Data for this exercise.
:::

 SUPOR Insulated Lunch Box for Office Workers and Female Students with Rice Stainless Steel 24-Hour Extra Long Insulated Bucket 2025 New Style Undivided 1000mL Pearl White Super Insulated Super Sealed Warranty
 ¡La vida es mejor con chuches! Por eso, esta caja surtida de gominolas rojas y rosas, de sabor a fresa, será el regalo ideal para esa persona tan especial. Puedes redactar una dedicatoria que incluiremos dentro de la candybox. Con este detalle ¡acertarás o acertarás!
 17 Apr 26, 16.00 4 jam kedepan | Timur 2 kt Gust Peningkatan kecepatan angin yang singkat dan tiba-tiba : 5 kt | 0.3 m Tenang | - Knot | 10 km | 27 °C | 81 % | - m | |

:::

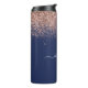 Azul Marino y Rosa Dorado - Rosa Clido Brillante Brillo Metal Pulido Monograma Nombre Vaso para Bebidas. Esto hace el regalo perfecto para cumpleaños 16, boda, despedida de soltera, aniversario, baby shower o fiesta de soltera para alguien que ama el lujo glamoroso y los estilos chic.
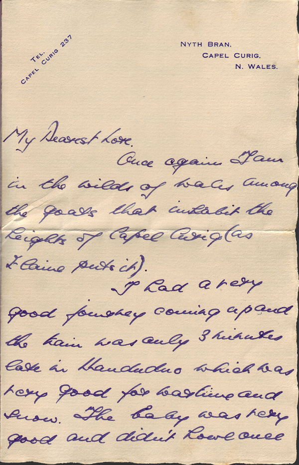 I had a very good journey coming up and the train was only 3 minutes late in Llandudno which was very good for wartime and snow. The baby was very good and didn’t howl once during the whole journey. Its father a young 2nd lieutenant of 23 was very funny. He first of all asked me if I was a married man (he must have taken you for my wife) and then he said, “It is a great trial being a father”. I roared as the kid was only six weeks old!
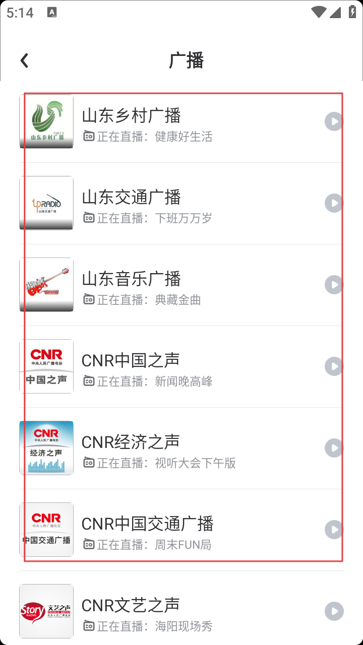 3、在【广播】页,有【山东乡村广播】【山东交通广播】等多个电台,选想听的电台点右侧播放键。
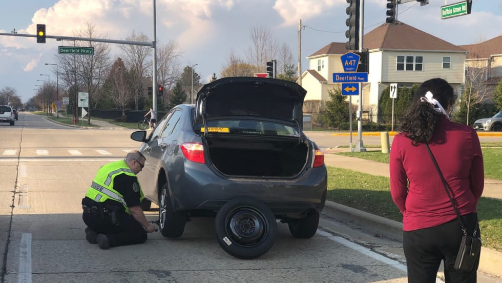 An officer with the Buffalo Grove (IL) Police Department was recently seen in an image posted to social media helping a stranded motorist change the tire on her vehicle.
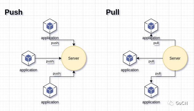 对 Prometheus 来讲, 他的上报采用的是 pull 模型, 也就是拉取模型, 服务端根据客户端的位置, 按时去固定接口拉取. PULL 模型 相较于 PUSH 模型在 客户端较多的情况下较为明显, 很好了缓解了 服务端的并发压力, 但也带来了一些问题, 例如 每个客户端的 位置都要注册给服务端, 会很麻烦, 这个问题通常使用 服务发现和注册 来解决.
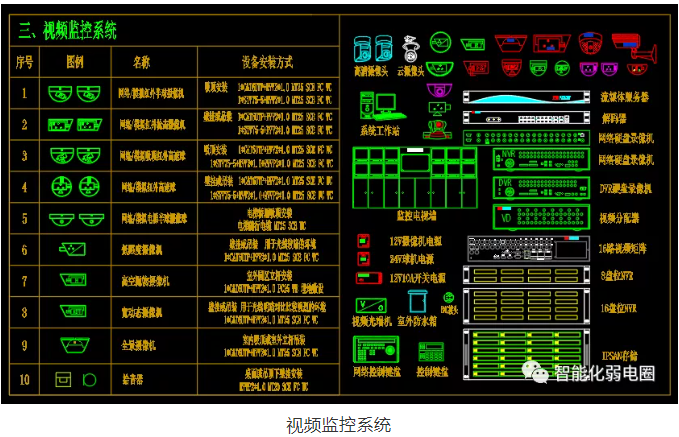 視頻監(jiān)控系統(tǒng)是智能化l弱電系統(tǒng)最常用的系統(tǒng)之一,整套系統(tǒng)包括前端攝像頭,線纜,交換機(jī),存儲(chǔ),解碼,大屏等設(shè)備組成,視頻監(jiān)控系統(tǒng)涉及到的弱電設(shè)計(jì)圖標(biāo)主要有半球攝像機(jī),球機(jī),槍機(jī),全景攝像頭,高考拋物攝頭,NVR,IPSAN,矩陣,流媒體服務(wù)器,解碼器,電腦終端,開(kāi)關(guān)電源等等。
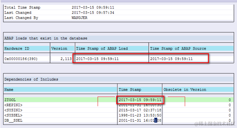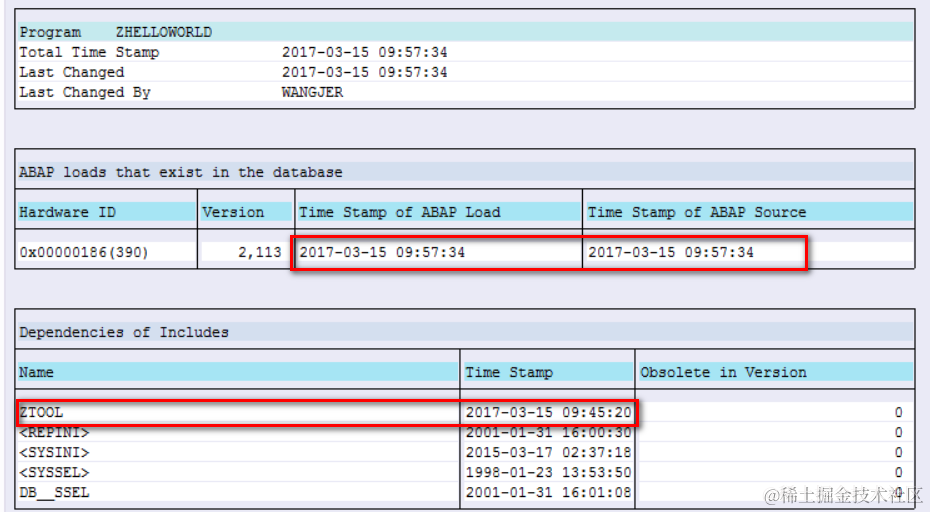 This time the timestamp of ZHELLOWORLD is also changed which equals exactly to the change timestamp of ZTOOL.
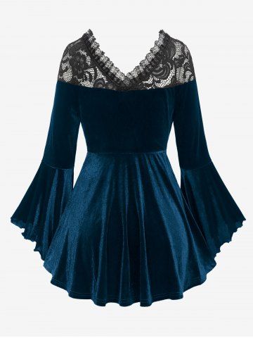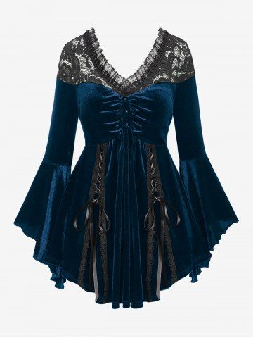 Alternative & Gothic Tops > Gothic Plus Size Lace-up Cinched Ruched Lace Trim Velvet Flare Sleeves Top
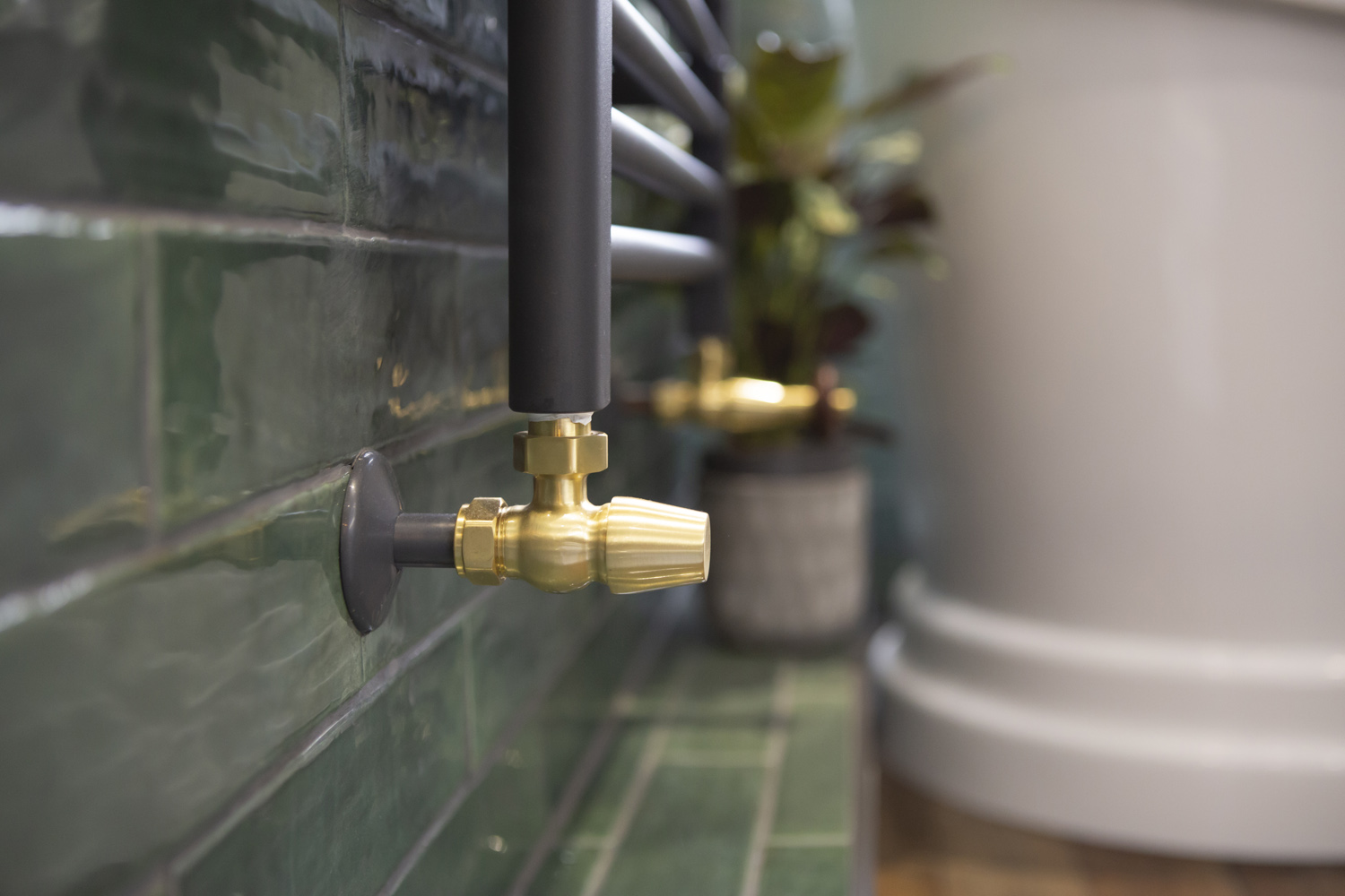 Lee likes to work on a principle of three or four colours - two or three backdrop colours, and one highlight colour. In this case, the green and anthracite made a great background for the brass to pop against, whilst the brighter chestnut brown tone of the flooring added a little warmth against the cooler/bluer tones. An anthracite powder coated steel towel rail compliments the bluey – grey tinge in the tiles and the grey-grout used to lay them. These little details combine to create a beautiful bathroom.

:::

Brief.
In the entries above, find the line with "I had a very" and the line with "对 Prometheus 来讲, 他的上报采用的是". Return exactly those lines and all the ones between them, pictures excluded.

Task solution.
 I had a very good journey coming up and the train was only 3 minutes late in Llandudno which was very good for wartime and snow. The baby was very good and didn’t howl once during the whole journey. Its father a young 2nd lieutenant of 23 was very funny. He first of all asked me if I was a married man (he must have taken you for my wife) and then he said, “It is a great trial being a father”. I roared as the kid was only six weeks old!
 3、在【广播】页,有【山东乡村广播】【山东交通广播】等多个电台,选想听的电台点右侧播放键。
 An officer with the Buffalo Grove (IL) Police Department was recently seen in an image posted to social media helping a stranded motorist change the tire on her vehicle.
 对 Prometheus 来讲, 他的上报采用的是 pull 模型, 也就是拉取模型, 服务端根据客户端的位置, 按时去固定接口拉取. PULL 模型 相较于 PUSH 模型在 客户端较多的情况下较为明显, 很好了缓解了 服务端的并发压力, 但也带来了一些问题, 例如 每个客户端的 位置都要注册给服务端, 会很麻烦, 这个问题通常使用 服务发现和注册 来解决.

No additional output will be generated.